All of the pages are generated by dynamically including another page in the index page - > eg: www.mysite.com/index.php?page=articleView etc. however the Title tags for each page are dynamically generated, so they are always different.

Many thanks in advance

Ben

Charter
07-11-2004, 07:03 AM
Hi. In robot_functions.php titles are found with this bit of code:

//extracts title
if ( eregi("<title *>([^<>]*)</title *>",$text,$regs) ) {
$title = $regs[1];
}
else {
$title = "";
}

Also in robot_functions.php titles are set with this bit of code:

//set the title in order <title>, filename, or unknown
if (isset($doc_title) && $doc_title) {
$titre_resume = $doc_title;
}
elseif (isset($file) && $file) {
$titre_resume = $file;
}
else {
$titre_resume = "Untitled";
}

Perhaps check your dynamic titles and see if they are found.

bforsyth
07-14-2004, 09:04 PM
The strangest thing was happening.

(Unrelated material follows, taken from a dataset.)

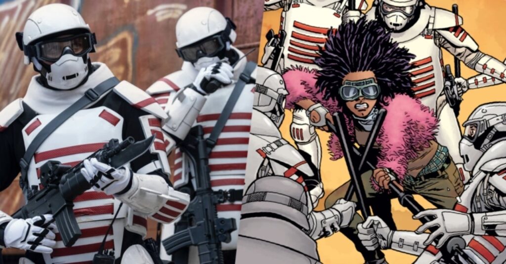 “Aquí está este grupo, aparecen, están usando esta armadura blanca que no es muy práctica, pero también tuvieron que crear estos uniformes. Es realmente genial en un cómic cuando tienes este estilo, pero es como, ‘ ¿Qué significa sobre este grupo del que forman parte? ‘”, Dijo la showrunner Angela Kang en The Walking Dead Extended Season 10 Preview Special. “Tenían que tener alguna habilidad para crear estas cosas y mantenerlas limpias y hacer que todas parecieran iguales, pero también son ingeniosas porque tienen este tipo de armas automáticas que también han transformado con una bayoneta”. así que es lo viejo y lo nuevo todos mezclados “.

On inspection of the first_words field of the digSpider table - I found that the spider wasn't actuallly crawling each page. It took ages to find out why. To make the pages W3C compliant, i was writing the dynamic URL's like:

index.php?page=articleView& amp; articleId=336 - now a browser knows to render & amp; as & , but the spider does not - so it was just getting my built in 'Page cannot be found error' for every article.

Charter
07-15-2004, 08:15 AM
Hi. What version of PhpDig are you using?

bforsyth
07-15-2004, 09:08 AM
Using 1.8.0

Charter
07-15-2004, 09:12 AM
Do you still have a page using & amp ; so I can test on it?

bforsyth
07-15-2004, 09:21 AM
Sure thing - I have reverted the code back for you:

See:
http://cgasson.truth.posiweb.net/new/index.php?page=issueView&issue=current

All of the links on that page have & amp; between the GET parameters.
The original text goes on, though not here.